Regardless. I read here that I need to install windows using a GPT UEFI USB Key formatted with FAT32 only. More than that there are specific instructions to force UEFI only in BIOS. Then I have to remove every USB device, SATA device, and put the USB installation key in a USB3.0 back pannel I/O port. Yikes, these M.2 drives are very picky. The drive I got cannot use MBR, and thus it can't be used as a clone of a SSD that was installed using MBR. So, fresh install only. Or so I've read...off to it then...

EDIT: It worked! Specifically this worked:

 
  • Using Rufus should work, but use FAT32 for formatting and GPT. The USB flash drive should be in one of the USB ports on the board's IO panel on the back of the PC.
  • Start over with the UEFI/BIOS settings, select Load UEFI Defaults in the Exit screen.
  • Then in the Boot screen, at the bottom find the option CSM. Click on that to open that screen.
  • Find the Launch Storage OpROM Policy option, and select UEFI Only. Go back to Exit screen, select Save and Exit. Then go right back into the UEFI/BIOS.
  • Now select the entry for the USB flash drive that has "UEFI:" in it.  Then select Save and Exit on the Exit screen and it should boot the Win 8 installer on the flash drive.
  • It is important to ONLY have the SM951 connected to the board, all other SSDs or HDDs should have their power cables removed during the Win 8 installation.
  • When the Win 8 installation begins, select the Custom Installation option. If the SM951 appears with any partitions on it, delete them with the options on that screen. After the SM951 has no partitions left, click the New button on that screen. You'll see a message about Windows creating extra partitions, just click Ok. You then should have four partitions on the SM 951. If the main partition is not highlighted, select it. Now continue the installation.

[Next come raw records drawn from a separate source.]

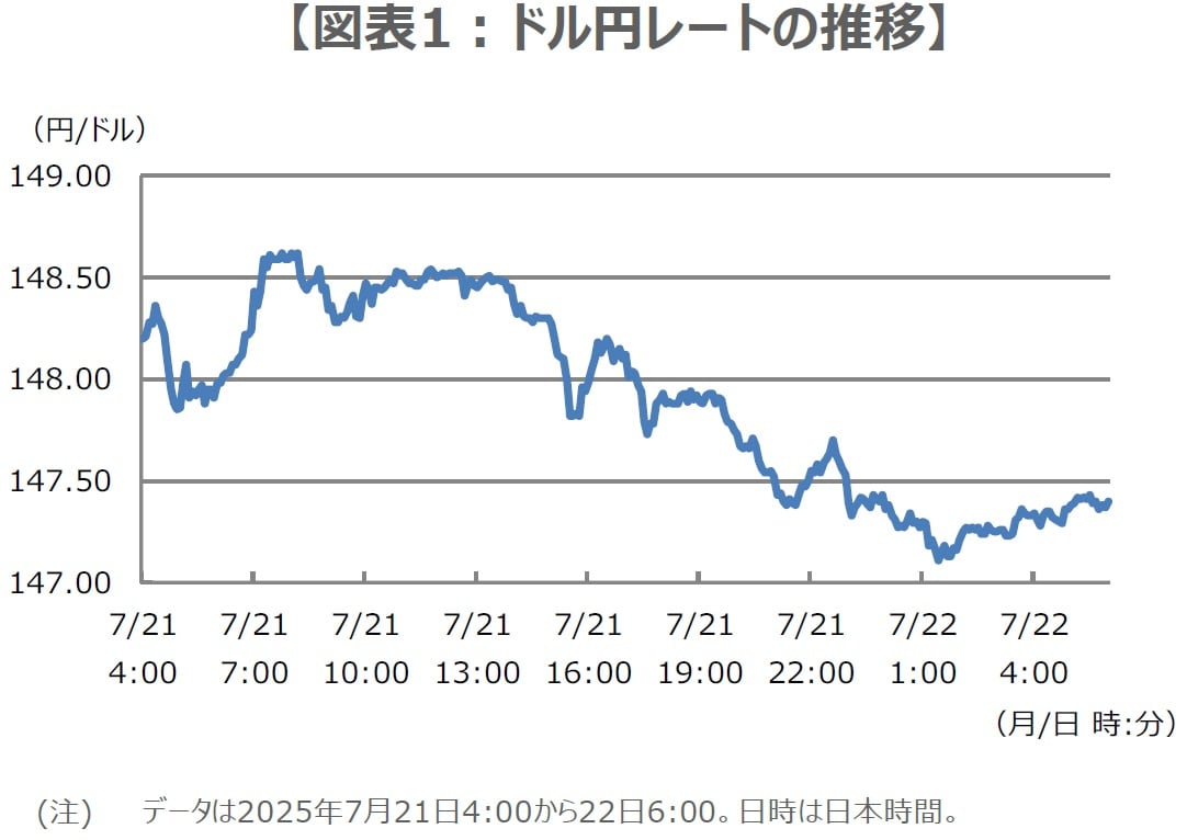 週明け7月21日の外国為替市場において、ドル円はドル安・円高で反応しました(図表1)。参院選前にドル高・円安が進んでいたこともあり、選挙結果がおおむね想定内となったことや、石破首相の続投が確認されたことで、いったん投機筋などの持ち高調整が進んだとも考えられます。また、大阪取引所の日経225先物は、39,000円台後半で方向感なく揉み合う展開となりました。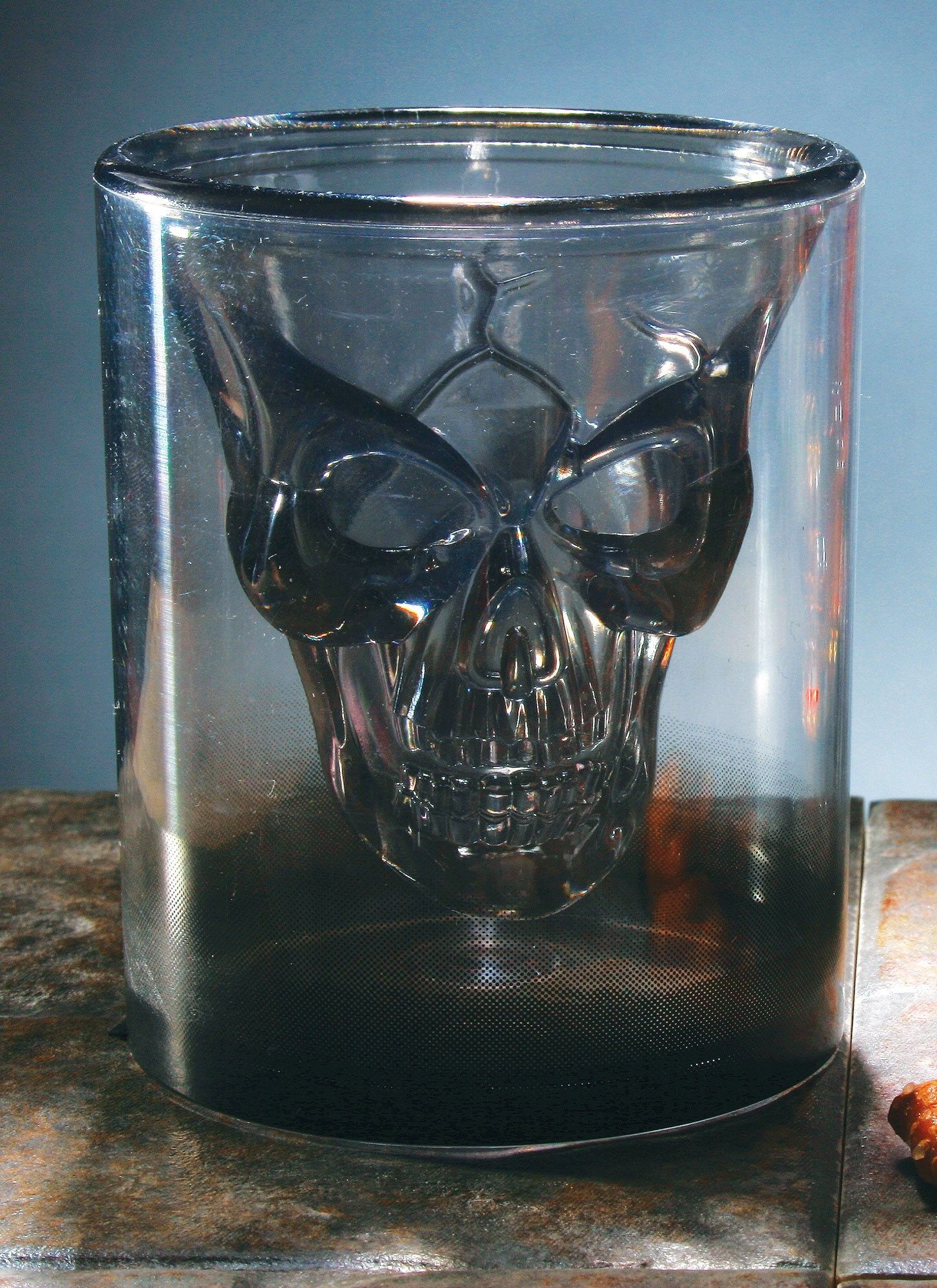 Стакан Плавающий череп серый будет идеально смотреться на столе в честь Хэллоуина. Стакан выполнен из серого стекла, внутри него находится литой череп, который также выполнен в сером цвете. В череп наливаются различные напитки. Стакан вмещает в себя около 80 мл.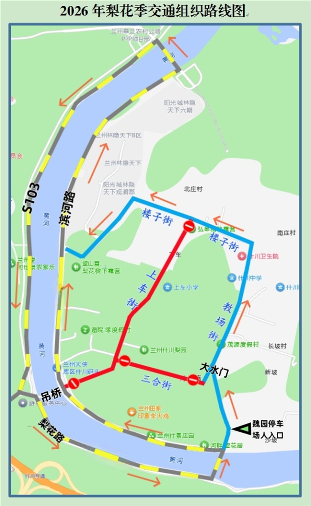 什川古梨園百年古梨樹枝繁葉茂,春日梨花滿枝、如雪似霞,每年梨花節(jié)都是市民游客春日打卡的熱門目的地。為應對節(jié)日期間的車流高峰,皋蘭縣政府聯(lián)合縣公安局及各相關部門,制定了科學的交通組織方案,并繪制了2026年梨花季交通組織路線圖,明確了景區(qū)內外循環(huán)通行規(guī)則與停車區(qū)域。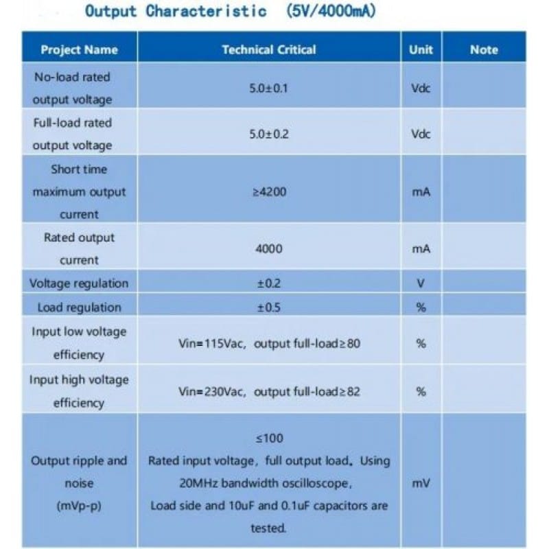 - Regulated 5?V DC output: Up to 20?W (?4?A)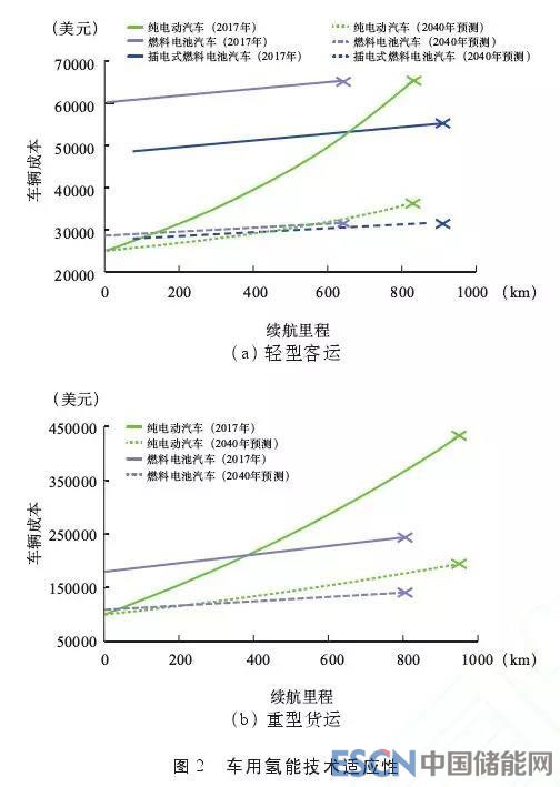 雖然目前氫能以工業(yè)原料消費(fèi)為主,但未來(lái)交通部門應(yīng)用潛力巨大。燃料電池功率和儲(chǔ)能單元彼此獨(dú)立,增加能量單元對(duì)車輛成本和車重影響相對(duì)較小,氫燃料電池在重型交通領(lǐng)域相比鋰電池具有更強(qiáng)的技術(shù)適應(yīng)性。圖 2 為氫燃料電池汽車和純電動(dòng)汽車在輕型客車(圖 2a)和重型貨車(圖 2b)應(yīng)用中的成本對(duì)比,可見(jiàn)隨著車重和續(xù)航的提升,燃料電池汽車成本將逐步接近甚至低于純電動(dòng)汽車。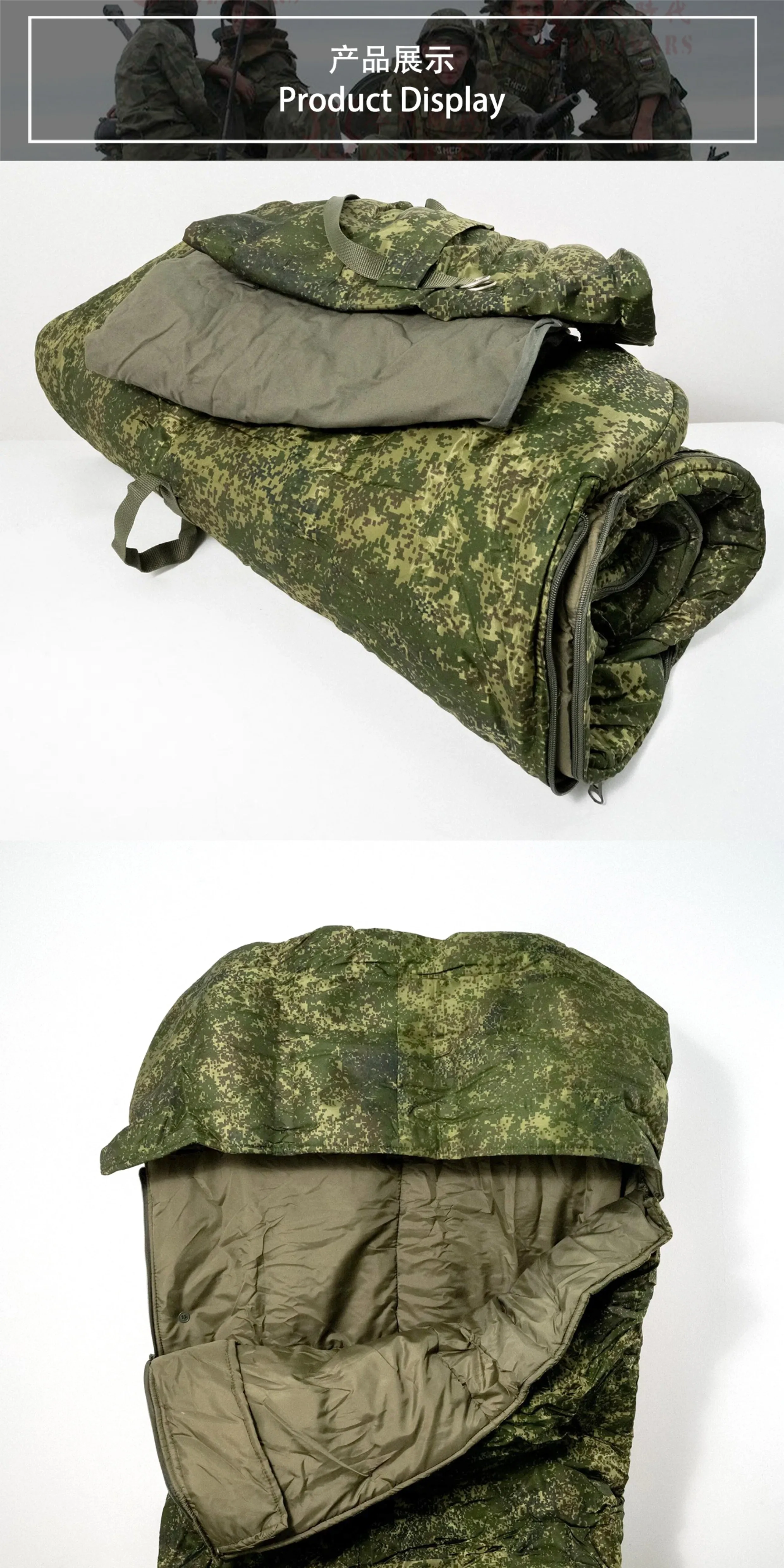 Nuevo saco de dormir táctico resistente al frío para exteriores, camuflaje digital verde, relleno de algodón y nailon

Now I just have to bite the bullet and set everything (EVERYTHING) back up again. Luckily my old/template drive is a simple F11 key away from booting.

UPDATE:

Well, I managed to get most of my installation up again. Took about a week. I'm only going back and forth between drives for a few little things here and there now. Interestingly, the Ultra fast boot option in my UEFI says that it only works in windows 8.1 but it works with 10 also. I can boot from button press to desktop in 9 seconds. 12 seconds with fast boot enabled and about 20 disabled. This is an HTPC, so when I select HTPC on my universal remote windows is just loading Kodi by the time the TV's input is changed over to it. Good upgrade overall, but now I'm limited to 1 VGA card. I'll have to think hard about a GTX 980ti instead of the 970 I bought and returned (good thing It had a defective fan).